Profits In Hedge Fund Investing

Most people understand what a mutual fund is and think a hedge fund investment is the same thing. They are correct in that a hedge fund is a group of investors that pool their money, just like a mutual fund. Hedge funds, however, don’t have the same type of regulation that the mutual fund has. In fact, you have to have a specific amount of wealth to invest in a hedge fund and a required amount of investment savvy. A hedge fund investment is not a public offering, but often a private limited partnership with the fund manager as the general partner.

Hedge funds do things because it is a private investment, which regular mutual funds can’t do. One example is the ability to sell short. This is a risky technique especially if it’s a naked short sale. The short sale is when you sell a stock in hopes of purchasing it later at a cheaper price to fill the sale.

A naked sale is one where you sell a stock you don’t own. To comply with government regulations you must be able to borrow it from someone before you sell it. The reason that it’s so risky is that the price could skyrocket after you sell the stock. Then you must pay huge amounts to fulfill your obligations to the buyer.

When large hedge funds use the techniques, often they drive the price down artificially in the sale of the stock and minutes later, can make a quick profit with the purchase and delivery of the cheaper stock. This is one way a hedge fund investment brings higher income than the traditional mutual fund.

The original purpose of a hedge fund was to hedge against the market’s swings. The combination of different types of investments provided an equation against falling markets. The change came as hedge funds became more popular. Today, they provide not just a hedge against loss but an edge for gain.

The typical hedge fund investment contains derivatives that are high yield and debt from companies considered risks, so they have to pay more to borrow, or their loans sell at discounted rates which means the yield on the return is higher. If you use a $1,000 loan as an example, with the company loan rate at 8%, that is a decent comfortable return. Now, if that same company gets behind on the loan and the lending institution panics, they might sell it at a 50 percent reduction of the balance to the hedge fund. This in effect means that not only does the fund get 16 percent interest, but if the company actually pays the loan in full, they make a 100 percent gain on that money.

If you have plenty of money already, you may be the perfect candidate for a hedge fund investment.

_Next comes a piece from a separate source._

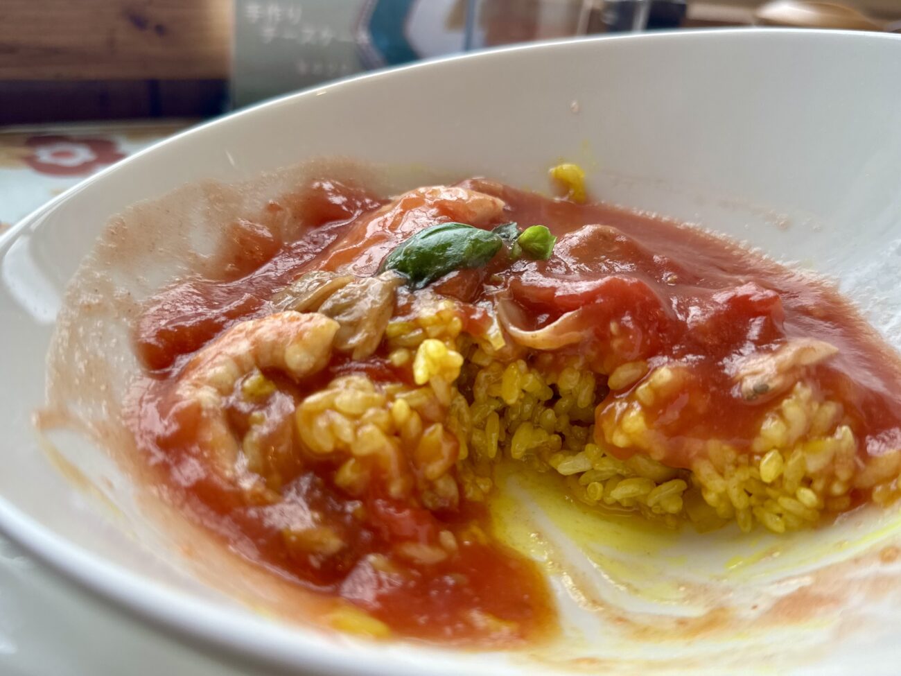 黄色いご飯にドバッとかかるトマトソース仕込みの海鮮ゴロゴロ。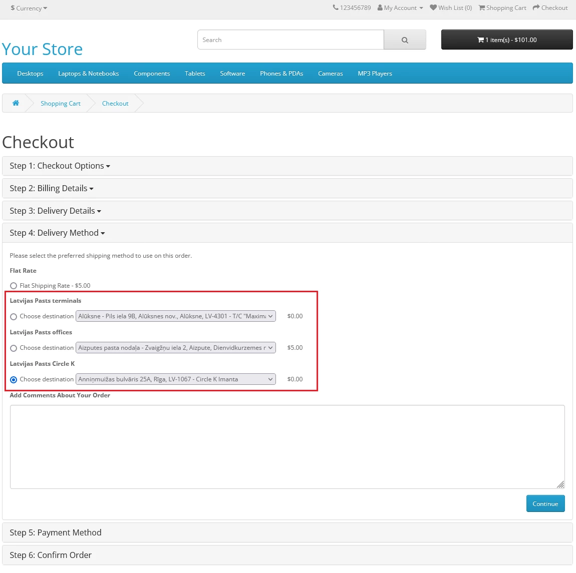 Это расширение доставки позволяет настроить доставку в почтовые отделения, станции Circle K в Латвии, почтовые терминалы Latvia Post, а также в почтовые отделения и более 100 терминалов в Литве. Клиент может выбрать адрес из списка для Латвии и Литвы.

These types of investments are supplementary to normal investments. They attempt to defeat bear markets and bring in money while they also take advantage of the bull market and yield a higher return. There are risks in a hedge fund, ones that the average investor would never take. With the onset of a bear market, the technique of short selling is one of the best ways to hedge the bad market and take the lemon that the economy handed you and make lemonade.